Top of Data below

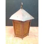 A lovely VINTAGE copper and amber glass electric porch ceiling lamp - quite UNUSUAL - dimensions 32cm height x 25cm diameter approx
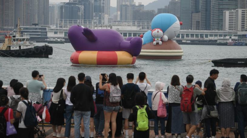 為期8日的維港「海上大巡遊」活動踏入最後一日,4座大型充氣公仔包括多啦A夢、滑嘟嘟、LABUBU及Elmo,下午2時起陸續由添馬公園對出海面出發,途徑東岸公園和星光大道等地標,在維港巡遊兩圈,預計歷時約3小時。
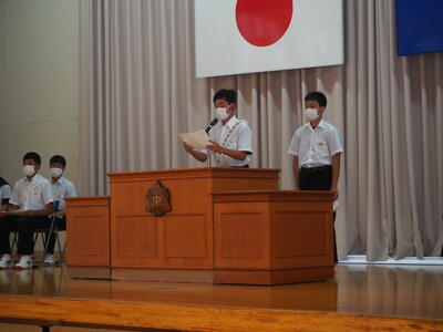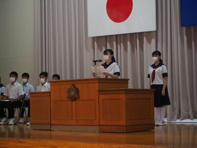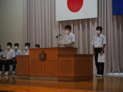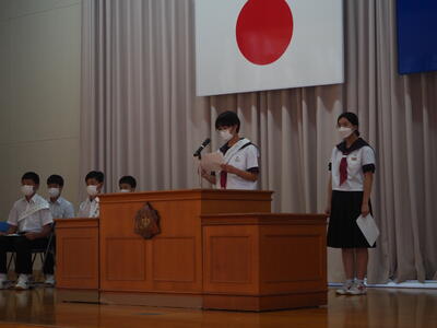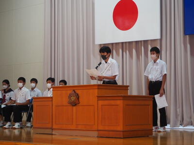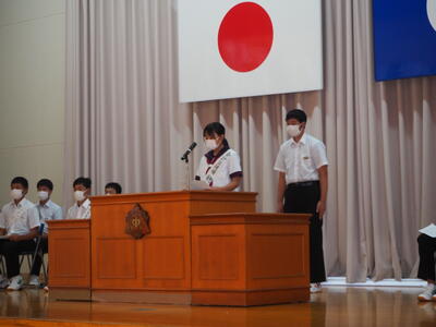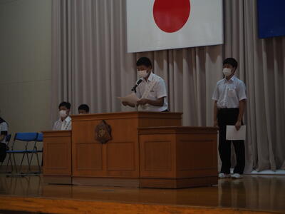 今日、生徒会役員選挙の立会演説会が開かれ、7名の立候補者がそれぞれ責任者と共に演説を行いました。また、今回は定数内であったため投票は行われませんでした。

Bottom of Data below

### [Task prompt]
Please set down every line of the data above precisely, dropping the images.

### [Exercise response]
 A lovely VINTAGE copper and amber glass electric porch ceiling lamp - quite UNUSUAL - dimensions 32cm height x 25cm diameter approx
 為期8日的維港「海上大巡遊」活動踏入最後一日,4座大型充氣公仔包括多啦A夢、滑嘟嘟、LABUBU及Elmo,下午2時起陸續由添馬公園對出海面出發,途徑東岸公園和星光大道等地標,在維港巡遊兩圈,預計歷時約3小時。
 今日、生徒会役員選挙の立会演説会が開かれ、7名の立候補者がそれぞれ責任者と共に演説を行いました。また、今回は定数内であったため投票は行われませんでした。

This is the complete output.